> [Exercise aim]
Range to repeat from the listing below: the line containing "SRE-Luc HEK293 報(bào)告基因細(xì)胞是由" down to the line containing "Lot of six original", both included. Copy it exactly, pictures excluded, and add nothing else.

(Input data Opens)

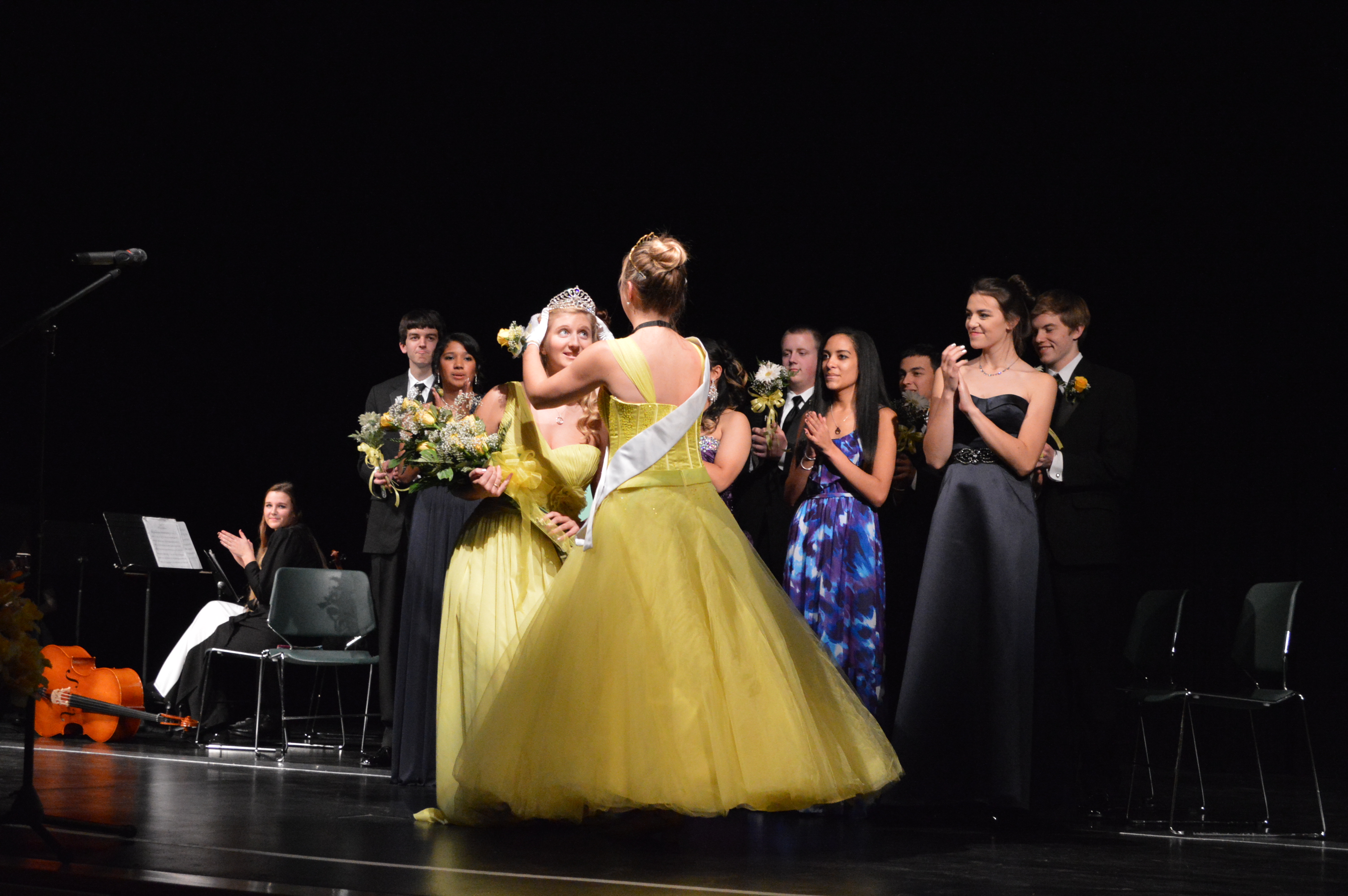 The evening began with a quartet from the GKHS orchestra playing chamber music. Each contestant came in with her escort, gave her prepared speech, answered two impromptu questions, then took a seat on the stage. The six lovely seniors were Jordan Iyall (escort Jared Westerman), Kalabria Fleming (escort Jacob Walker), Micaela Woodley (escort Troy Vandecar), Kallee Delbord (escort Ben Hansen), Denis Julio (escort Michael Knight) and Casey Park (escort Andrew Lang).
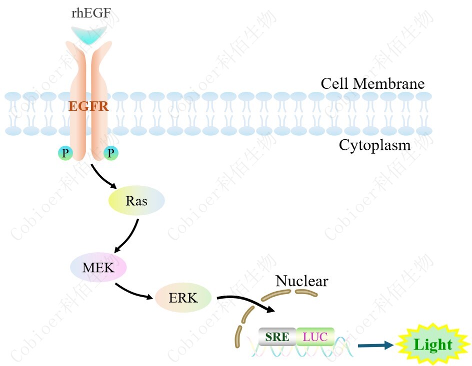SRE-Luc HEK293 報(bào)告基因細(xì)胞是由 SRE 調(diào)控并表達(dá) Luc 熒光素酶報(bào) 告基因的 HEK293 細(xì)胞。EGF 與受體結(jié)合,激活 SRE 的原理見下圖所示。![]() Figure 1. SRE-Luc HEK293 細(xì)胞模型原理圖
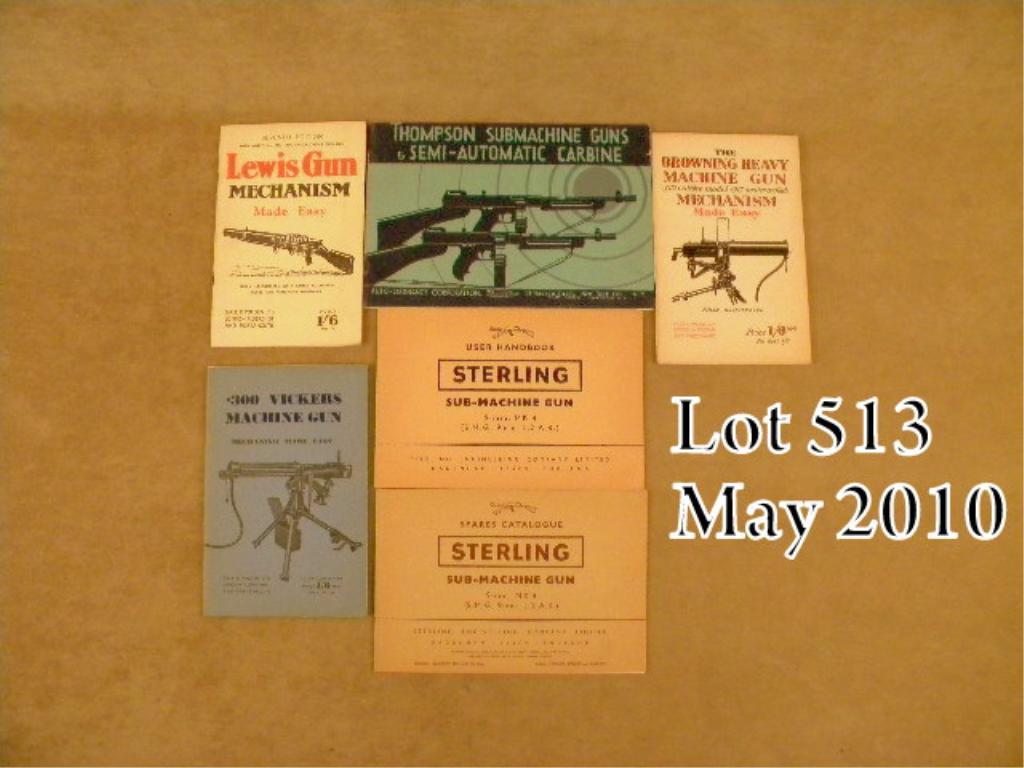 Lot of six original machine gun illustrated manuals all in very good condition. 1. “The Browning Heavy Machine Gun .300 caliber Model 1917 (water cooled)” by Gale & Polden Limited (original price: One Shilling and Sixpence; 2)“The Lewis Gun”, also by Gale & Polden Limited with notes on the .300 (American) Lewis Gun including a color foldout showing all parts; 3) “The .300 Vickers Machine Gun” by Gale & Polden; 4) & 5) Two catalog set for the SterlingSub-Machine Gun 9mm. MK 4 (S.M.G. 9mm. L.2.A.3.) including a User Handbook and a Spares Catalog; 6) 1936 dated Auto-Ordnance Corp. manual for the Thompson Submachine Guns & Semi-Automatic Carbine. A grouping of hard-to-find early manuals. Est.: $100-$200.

(Input data Closes)
(Input data Opens)

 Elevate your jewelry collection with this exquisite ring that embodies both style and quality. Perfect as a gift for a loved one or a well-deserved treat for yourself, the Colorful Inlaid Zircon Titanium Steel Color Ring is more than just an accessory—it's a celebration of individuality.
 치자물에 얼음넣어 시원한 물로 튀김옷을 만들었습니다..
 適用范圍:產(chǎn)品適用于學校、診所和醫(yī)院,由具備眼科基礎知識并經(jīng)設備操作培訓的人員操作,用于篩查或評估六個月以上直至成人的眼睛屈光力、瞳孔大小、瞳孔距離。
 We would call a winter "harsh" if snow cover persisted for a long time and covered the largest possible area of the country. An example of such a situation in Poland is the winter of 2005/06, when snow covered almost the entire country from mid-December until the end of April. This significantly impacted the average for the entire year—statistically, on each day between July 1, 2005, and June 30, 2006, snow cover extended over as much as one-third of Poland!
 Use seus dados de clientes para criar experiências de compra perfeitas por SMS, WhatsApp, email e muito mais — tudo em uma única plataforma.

(Input data Closes)

> [Solution for this task]
SRE-Luc HEK293 報(bào)告基因細(xì)胞是由 SRE 調(diào)控并表達(dá) Luc 熒光素酶報(bào) 告基因的 HEK293 細(xì)胞。EGF 與受體結(jié)合,激活 SRE 的原理見下圖所示。![]() Figure 1. SRE-Luc HEK293 細(xì)胞模型原理圖
 Lot of six original machine gun illustrated manuals all in very good condition. 1. “The Browning Heavy Machine Gun .300 caliber Model 1917 (water cooled)” by Gale & Polden Limited (original price: One Shilling and Sixpence; 2)“The Lewis Gun”, also by Gale & Polden Limited with notes on the .300 (American) Lewis Gun including a color foldout showing all parts; 3) “The .300 Vickers Machine Gun” by Gale & Polden; 4) & 5) Two catalog set for the SterlingSub-Machine Gun 9mm. MK 4 (S.M.G. 9mm. L.2.A.3.) including a User Handbook and a Spares Catalog; 6) 1936 dated Auto-Ordnance Corp. manual for the Thompson Submachine Guns & Semi-Automatic Carbine. A grouping of hard-to-find early manuals. Est.: $100-$200.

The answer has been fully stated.